Step 2: The “Dumb” Tool Principle

Now we write the MCP tool. Notice how clean it is. There is no authentication logic visible here. It retrieves credentials from context and makes API calls.

from fastmcp import FastMCP
from app.context import get_user_context
import aiohttp

mcp = FastMCP("Nexus Leads")

def get_headers() -> dict:
    """Retrieve authentication headers from user context."""
    user_context = get_user_context()
    
    if not user_context or not user_context.access_token:
        raise ValueError("User context not initialized - authentication required")
    
    return {
        "Authorization": f"Bearer {user_context.access_token}",
        "Content-Type": "application/json"
    }

@mcp.tool
async def search_leads(query: str, industry: str = None) -> str:
    """
    Search for sales leads in the CRM. 
    Returns only leads the authenticated user is allowed to see.
    """
    # The tool retrieves auth automatically from context
    headers = get_headers()
    
    async with aiohttp.ClientSession() as session:
        async with session.get(
            "https://api.nexus-crm.com/leads/search",
            headers=headers,
            params={"q": query, "industry": industry}
        ) as response:
            if response.status == 401:
                return "Authentication failed.

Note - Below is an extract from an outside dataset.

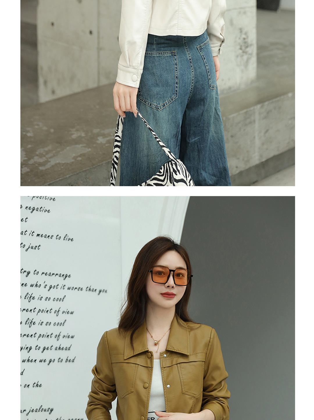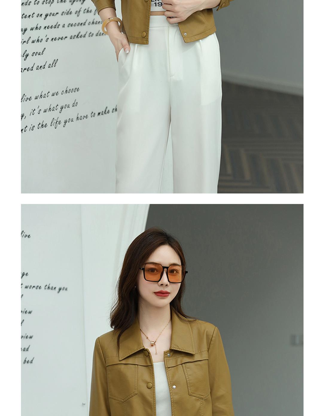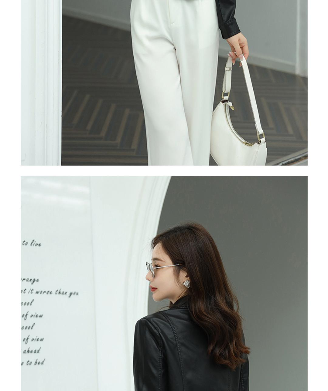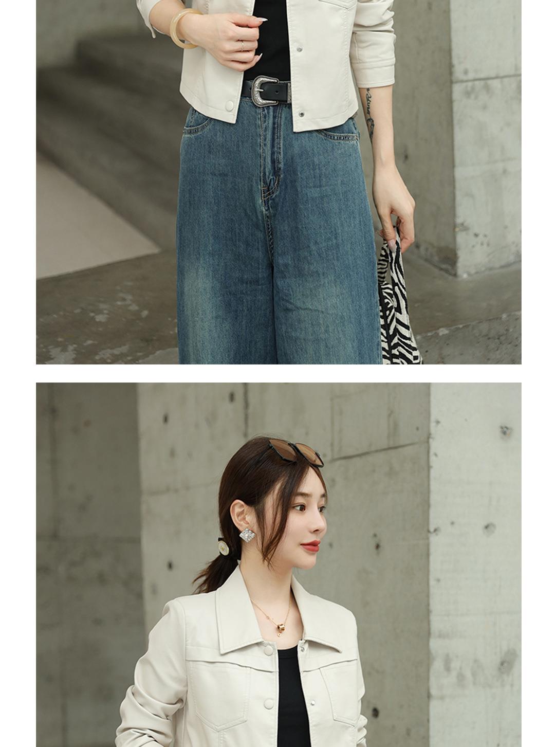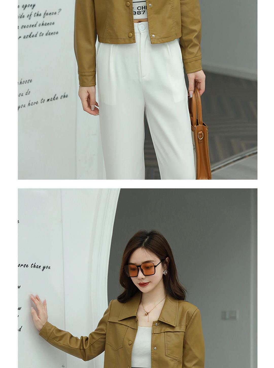 2023秋季新款皮衣外套女韩版翻领短款水洗PU皮衣修身皮夹克

Please restart the conversation."
            
            if response.status == 403:
                return "Access denied to this resource."
            
            results = await response.json()
    
    if not results:
        return "No leads found matching your criteria."
        
    # Format as markdown table
    return format_as_table(results)

def format_as_table(data: list) -> str:
    """Helper to format results for Claude."""
    if not data:
        return "No results found."
    
    headers = data[0].keys()
    table = "| " + " | ".join(headers) + " |\n"
    table += "| " + " | ".join(["---"] * len(headers)) + " |\n"
    
    for row in data:
        table += "| " + " | ".join(str(row.get(h, "")) for h in headers) + " |\n"
    
    return table

Step 3: Key Implementation Details

Token Storage in Database

Instead of session storage, tokens are persisted in MongoDB for durability:

token_repository.py

async def save_token(
    self,
    token: str,
    client_id: str,
    user_email: str,
    user_id: str,
    metadata: dict
):
    """Save MCP token with encrypted Nexus API token in metadata."""
    token_record = {
        "token": token,
        "client_id": client_id,
        "user_email": user_email,
        "user_id": user_id,
        "token_type": "Bearer",
        "issued_at": datetime.now(timezone.utc),
        "expires_at": datetime.now(timezone.utc) + timedelta(hours=24),
        "revoked": False,
        "metadata": metadata  # Contains "nexus_token_encrypted"
    }
    
    await self.db.oauth_mcp_tokens.insert_one(token_record)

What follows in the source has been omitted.